Accuracy of Consumer Wearable Heart Rate Measurement During an Ecologically Valid 24-Hour Period: Intraindividual Validation Study

Benjamin W Nelson, Nicholas B Allen, Benjamin W Nelson, Nicholas B Allen

Abstract

Background: Wrist-worn smart watches and fitness monitors (ie, wearables) have become widely adopted by consumers and are gaining increased attention from researchers for their potential contribution to naturalistic digital measurement of health in a scalable, mobile, and unobtrusive way. Various studies have examined the accuracy of these devices in controlled laboratory settings (eg, treadmill and stationary bike); however, no studies have investigated the heart rate accuracy of wearables during a continuous and ecologically valid 24-hour period of actual consumer device use conditions.

Objective: The aim of this study was to determine the heart rate accuracy of 2 popular wearable devices, the Apple Watch 3 and Fitbit Charge 2, as compared with the gold standard reference method, an ambulatory electrocardiogram (ECG), during consumer device use conditions in an individual. Data were collected across 5 daily conditions, including sitting, walking, running, activities of daily living (ADL; eg, chores, brushing teeth), and sleeping.

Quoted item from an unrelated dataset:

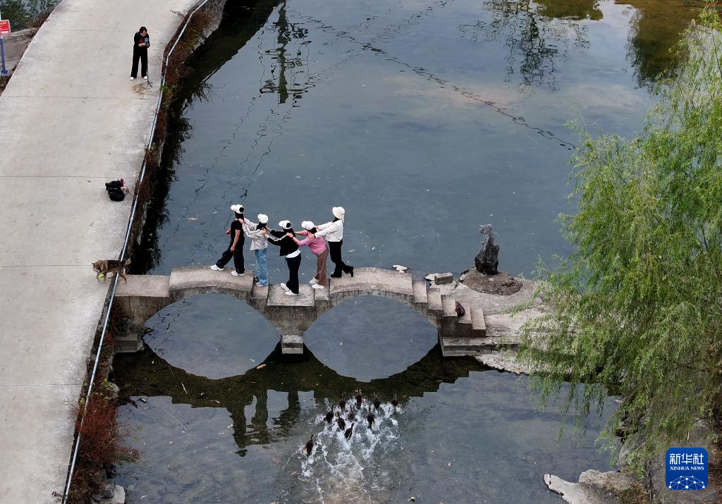 在柳州市柳江区进德镇乐山村,游客在小桥上拍照(2025年11月1日摄,无人机照片)。
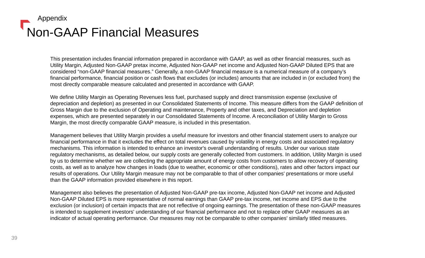 Non-GAAP Financial Measures This presentation includes financial information prepared in accordance with GAAP, as well as other financial measures, such as Utility Margin, Adjusted Non-GAAP pretax income, Adjusted Non-GAAP net income and Adjusted Non-GAAP Diluted EPS that are considered “non-GAAP financial measures.” Generally, a non-GAAP financial measure is a numerical measure of a company’s financial performance, financial position or cash flows that excludes (or includes) amounts that are included in (or excluded from) the most directly comparable measure calculated and presented in accordance with GAAP. We define Utility Margin as Operating Revenues less fuel, purchased supply and direct transmission expense (exclusive of depreciation and depletion) as presented in our Consolidated Statements of Income. This measure differs from the GAAP definition of Gross Margin due to the exclusion of Operating and maintenance, Property and other taxes, and Depreciation and depletion expenses, which are presented separately in our Consolidated Statements of Income. A reconciliation of Utility Margin to Gross Margin, the most directly comparable GAAP measure, is included in this presentation. Management believes that Utility Margin provides a useful measure for investors and other financial statement users to analyze our financial performance in that it excludes the effect on total revenues caused by volatility in energy costs and associated regulatory mechanisms. This information is intended to enhance an investor's overall understanding of results. Under our various state regulatory mechanisms, as detailed below, our supply costs are generally collected from customers. In addition, Utility Margin is used by us to determine whether we are collecting the appropriate amount of energy costs from customers to allow recovery of operating costs, as well as to analyze how changes in loads (due to weather, economic or other conditions), rates and other factors impact our results of operations. Our Utility Margin measure may not be comparable to that of other companies' presentations or more useful than the GAAP information provided elsewhere in this report. Management also believes the presentation of Adjusted Non-GAAP pre-tax income, Adjusted Non-GAAP net income and Adjusted Non-GAAP Diluted EPS is more representative of normal earnings than GAAP pre-tax income, net income and EPS due to the exclusion (or inclusion) of certain impacts that are not reflective of ongoing earnings. The presentation of these non-GAAP measures is intended to supplement investors' understanding of our financial performance and not to replace other GAAP measures as an indicator of actual operating performance. Our measures may not be comparable to other companies' similarly titled measures. 39 Appendix

Methods: One participant, (first author; 29-year-old Caucasian male) completed a 24-hour ecologically valid protocol by wearing 2 popular wrist wearable devices (Apple Watch 3 and Fitbit Charge 2). In addition, an ambulatory ECG (Vrije Universiteit Ambulatory Monitoring System) was used as the gold standard reference method, which resulted in the collection of 102,740 individual heartbeats. A single-subject design was used to keep all variables constant except for wearable devices while providing a rapid response design to provide initial assessment of wearable accuracy for allowing the research cycle to keep pace with technological advancements. Accuracy of these devices compared with the gold standard ECG was assessed using mean error, mean absolute error, and mean absolute percent error. These data were supplemented with Bland-Altman analyses and concordance class correlation to assess agreement between devices.

Results: The Apple Watch 3 and Fitbit Charge 2 were generally highly accurate across the 24-hour condition. Specifically, the Apple Watch 3 had a mean difference of -1.80 beats per minute (bpm), a mean absolute error percent of 5.86%, and a mean agreement of 95% when compared with the ECG across 24 hours. The Fitbit Charge 2 had a mean difference of -3.47 bpm, a mean absolute error of 5.96%, and a mean agreement of 91% when compared with the ECG across 24 hours. These findings varied by condition.

Conclusions: The Apple Watch 3 and the Fitbit Charge 2 provided acceptable heart rate accuracy (<±10%) across the 24 hour and during each activity, except for the Apple Watch 3 during the daily activities condition. Overall, these findings provide preliminary support that these devices appear to be useful for implementing ambulatory measurement of cardiac activity in research studies, especially those where the specific advantages of these methods (eg, scalability, low participant burden) are particularly suited to the population or research question.

Keywords: Apple Watch 3; Fitbit Charge 2; digital health; electrocardiography; heart rate; mobile health; passive sensing; photoplethysmography; wearables.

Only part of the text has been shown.